#### [Record extracts]

>>>

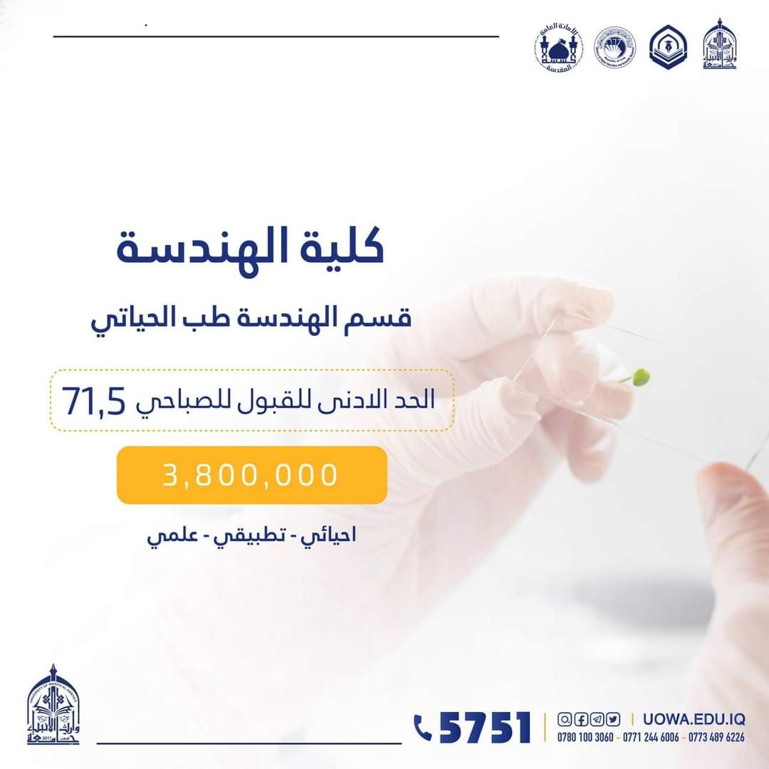 نبذه مختصرة عن ???? قسم هندسة الطب الحياتي ???????? يقبل طلبة خريجي الدراسة الاعدادية الفرع (العلمي — الأحيائي— التطبيقي )???? الدراسة : صباحي???? مدة الدراسة : 5 سنوات دراسية ????القسط الدراسي : (3.800.000) ????الحد الادنى لمعدل القبول (71.5 صباحي)???? يمنح الطالب درجة البكالوريوس في هندسة الطب الحياتي بعد اجتيازه بنجاح ويعين بعنوان وظيفي(مهندس)كون مدة الدراسة في القسم هي خمس ???? يكون الخريج بعد منحه الشهادة مؤهلاً للعمل في المجالات الهندسية الآتية:1- الجامعات وهيئات مراقبة التعليمات والجودة الخاصة بالقياسات الهندسية الطبية والعمل في المكاتب الاستشارية في مجال تخصصه.2- عمل وتصميم وتصنيع وتطوير وإدامة الأجهزة والمعدات الطبية3- تصميم وتصنيع الأعضاء البشرية التعويضية وخصائص المواد المستخدمة في صناعتها.4- اكتساب المهارات الأساسية التي تؤهله الى إعداد متطلبات تصميم المستشفيات الحديثة والمراكز الصحية والوحدات الصحية الأخرى.5- يكون ضمن فريق العمليات الجراحية للتهيئة والإشراف على الأجهزة والمعدات الطبية.6- الإشتراك مع الفريق الطبي في اختيار وملائمة الأعضاء التعويضية
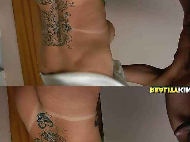 Tattooed harlot guzzles stiff dick and gets her anus rimmed
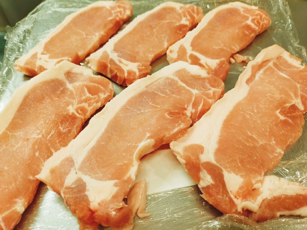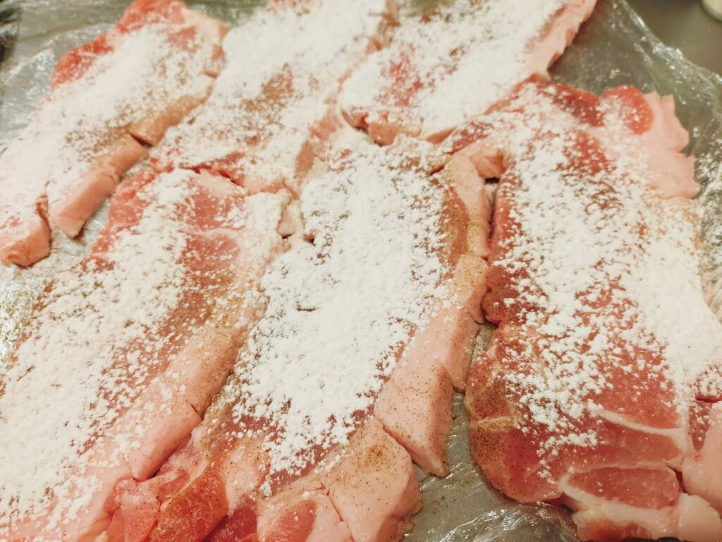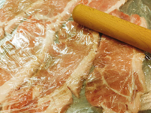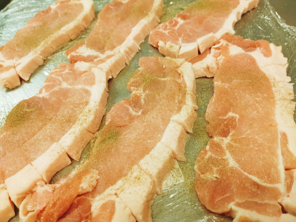 - 豚肉に軽く塩コショウします。(片面だけで良いです)
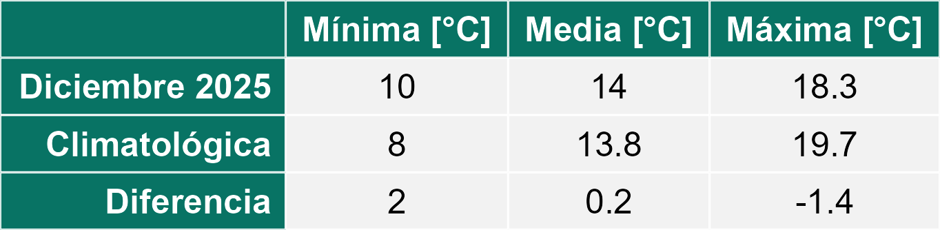 Durante diciembre, en la Región de Los Lagos se observó un déficit de precipitaciones en gran parte del territorio y temperaturas promedio superiores a las climatológicas. Este escenario, sumado a lluvias eventuales y días de alta radiación y temperaturas, incrementa el riesgo de estrés hídrico, además de la presencia de plagas y enfermedades.
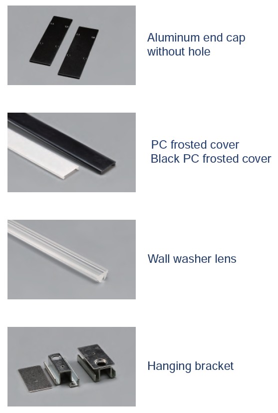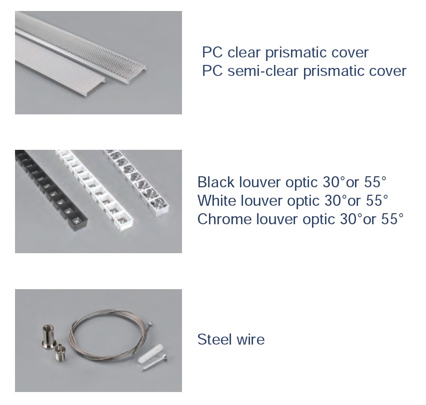 Aluminum end cap with/without hole | PC frosted cover Black PC frosted cover | Wall washer lens | Hanging bracket | PC clear prismatic cover / PC semi-clear prismatic cover | Steel wire | Black louver optic 30°or 55° White louver optic 30°or 55° Chrome louver optic 30°or 55°
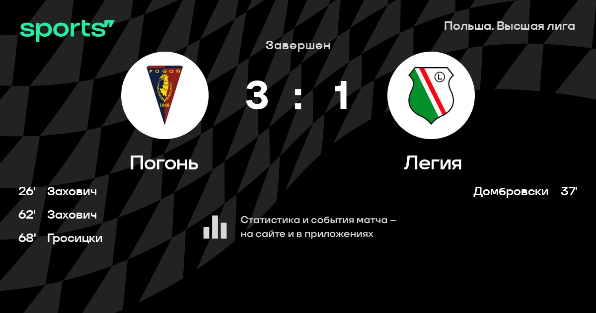 Погонь – Легия: Погонь не проигрывает в 6 из 8 последних матчей против этого соперника
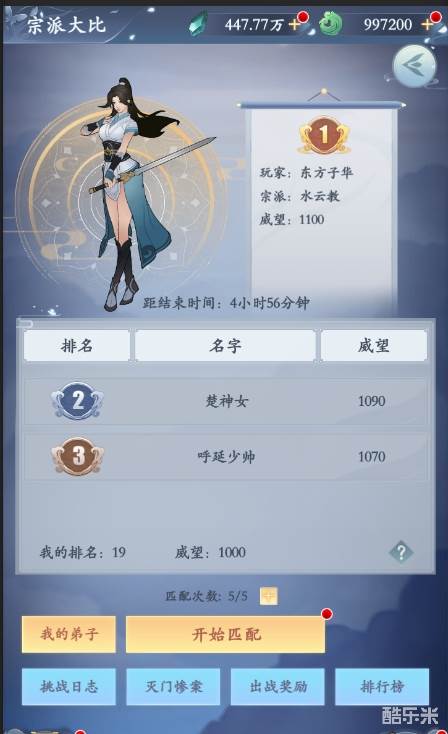 5.派遣弟子将采取车轮战的形式,迎战对手宗派等级最高的5名弟子,战胜即可获得威望;
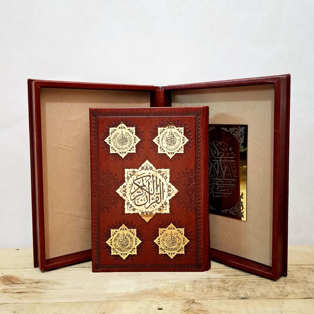قرآن کریم نفیس جعبه لپ تاپی چرم آینه ای پلاک دار
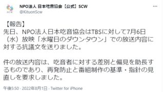NPO法人日本吃音協会は『水曜日のダウンタウン(TBS系)』の7月6日の放送内容に対して抗議文を送ったとTwitterで発表。同協会は「吃音者に対する差別と偏見を助長するものであり、再発防止と番組制作の基準・指針の見直しを要求しました」としている。

<<<

#### [Instructions for the task]
Write out each record exactly as shown, but not its pictures.

#### [Output for this exercise]
 نبذه مختصرة عن ???? قسم هندسة الطب الحياتي ???????? يقبل طلبة خريجي الدراسة الاعدادية الفرع (العلمي — الأحيائي— التطبيقي )???? الدراسة : صباحي???? مدة الدراسة : 5 سنوات دراسية ????القسط الدراسي : (3.800.000) ????الحد الادنى لمعدل القبول (71.5 صباحي)???? يمنح الطالب درجة البكالوريوس في هندسة الطب الحياتي بعد اجتيازه بنجاح ويعين بعنوان وظيفي(مهندس)كون مدة الدراسة في القسم هي خمس ???? يكون الخريج بعد منحه الشهادة مؤهلاً للعمل في المجالات الهندسية الآتية:1- الجامعات وهيئات مراقبة التعليمات والجودة الخاصة بالقياسات الهندسية الطبية والعمل في المكاتب الاستشارية في مجال تخصصه.2- عمل وتصميم وتصنيع وتطوير وإدامة الأجهزة والمعدات الطبية3- تصميم وتصنيع الأعضاء البشرية التعويضية وخصائص المواد المستخدمة في صناعتها.4- اكتساب المهارات الأساسية التي تؤهله الى إعداد متطلبات تصميم المستشفيات الحديثة والمراكز الصحية والوحدات الصحية الأخرى.5- يكون ضمن فريق العمليات الجراحية للتهيئة والإشراف على الأجهزة والمعدات الطبية.6- الإشتراك مع الفريق الطبي في اختيار وملائمة الأعضاء التعويضية
 Tattooed harlot guzzles stiff dick and gets her anus rimmed
 - 豚肉に軽く塩コショウします。(片面だけで良いです)
 Durante diciembre, en la Región de Los Lagos se observó un déficit de precipitaciones en gran parte del territorio y temperaturas promedio superiores a las climatológicas. Este escenario, sumado a lluvias eventuales y días de alta radiación y temperaturas, incrementa el riesgo de estrés hídrico, además de la presencia de plagas y enfermedades.
 Aluminum end cap with/without hole | PC frosted cover Black PC frosted cover | Wall washer lens | Hanging bracket | PC clear prismatic cover / PC semi-clear prismatic cover | Steel wire | Black louver optic 30°or 55° White louver optic 30°or 55° Chrome louver optic 30°or 55°
 Погонь – Легия: Погонь не проигрывает в 6 из 8 последних матчей против этого соперника
 5.派遣弟子将采取车轮战的形式,迎战对手宗派等级最高的5名弟子,战胜即可获得威望;
قرآن کریم نفیس جعبه لپ تاپی چرم آینه ای پلاک دار
NPO法人日本吃音協会は『水曜日のダウンタウン(TBS系)』の7月6日の放送内容に対して抗議文を送ったとTwitterで発表。同協会は「吃音者に対する差別と偏見を助長するものであり、再発防止と番組制作の基準・指針の見直しを要求しました」としている。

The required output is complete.